For a new line as forward-thinking as it was, Mizuno's M-Craft putter range, debuted back in 2024, didn't really make the splash the Japanese company probably hoped it would.
Part of this comes down to the simple fact that Mizuno will always be more renowned for its irons than anything else. It's a good problem to have, but with only a smattering of the brand's tour players gaming either Mizuno woods or putters, the brand, like many others, has struggled to make substantial noise in an increasingly crowded market.

The M-Craft range was intended to be a solution to this, introducing a modular design that allowed players to switch and swap heads, weights and putter shapes to suit their stroke. It was a novel idea, but a refreshing one from a brand clearly intent on making a bigger splash in the flat stick space. Unfortunately, we found the final product a little lacking, feeling it lacked the finesse and feel of a traditional milled putter.
Taking the M-Craft range in the new direction for 2026, however, is the new City series line: a range of forged putters that pivots away from modern tech and puts the emphasis back on the four core tenets Mizuno is best known for: heritage, individuality, innovation, and foundation. Mizuno have made a clear aesthetic turn with the new City series, embracing a more traditional look that screams the old-school luxury of '90s Japan. You could very much imagine taking a ride in your chauffeur-driven Toyota Crown to pick one of these up.

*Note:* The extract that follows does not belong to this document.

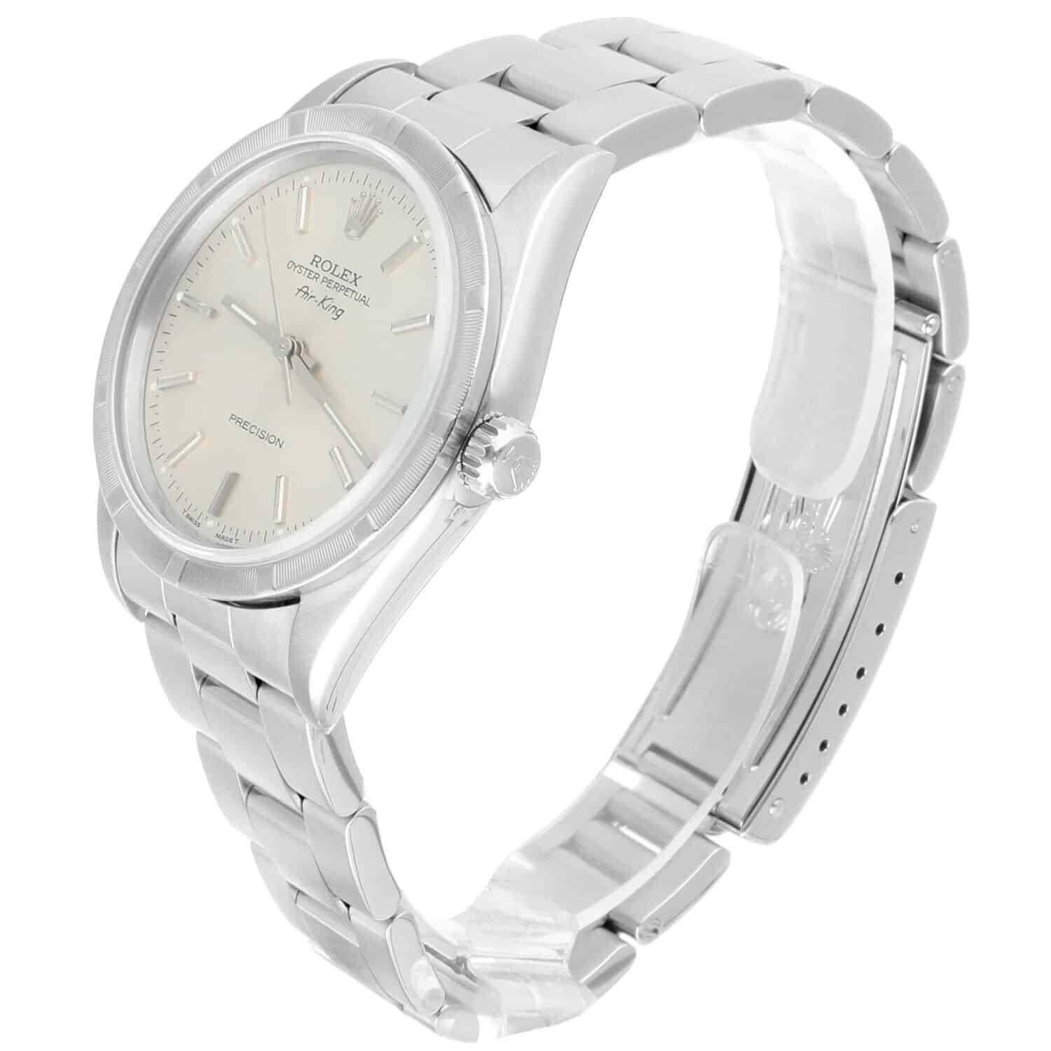 Rolex Air King 34mm 14010 Silver Dial Engine Turned Bezel Steel Mens Watch

Further to this, Mizuno have renamed the series models to pay homage to four iconic Japanese cities. The Kyoto is the most traditional shape: a classic bladed profile complemented by the slightly wider Osaka mid-mallet.
The two true mallets come in the form of the Nagoya, which has a classic rounded mallet shape with added perimeter weighting and a roll-up cavity for more MOI and less sole displacement; and the wing-backed Tokyo, which is more rigid than the old OMOI 6 for a better feel.
There's no newfangled modular tech here, rather Mizuno have placed the focus back resoundingly back on producing the feel that might just turn the heads of staff players and premium putter collectors alike. Each head is forged from 1025E steel, one of the softest available to Mizuno, and is engineered with the same copper underlay that sits beneath the face of the company's irons, the two working in harmony to provide a soft, crisp feel. Deep face milling, rendered in a very Mizuno-y wave pattern, delivers a true roll. Both are offered in a choice of a clean satin black or a classic nickel finish.

Priced at RRP £299 (about the same as the old M-Craft model), the new M-Craft City Series putters will be available to pre-order from January 26, with an on-sale date of February 12.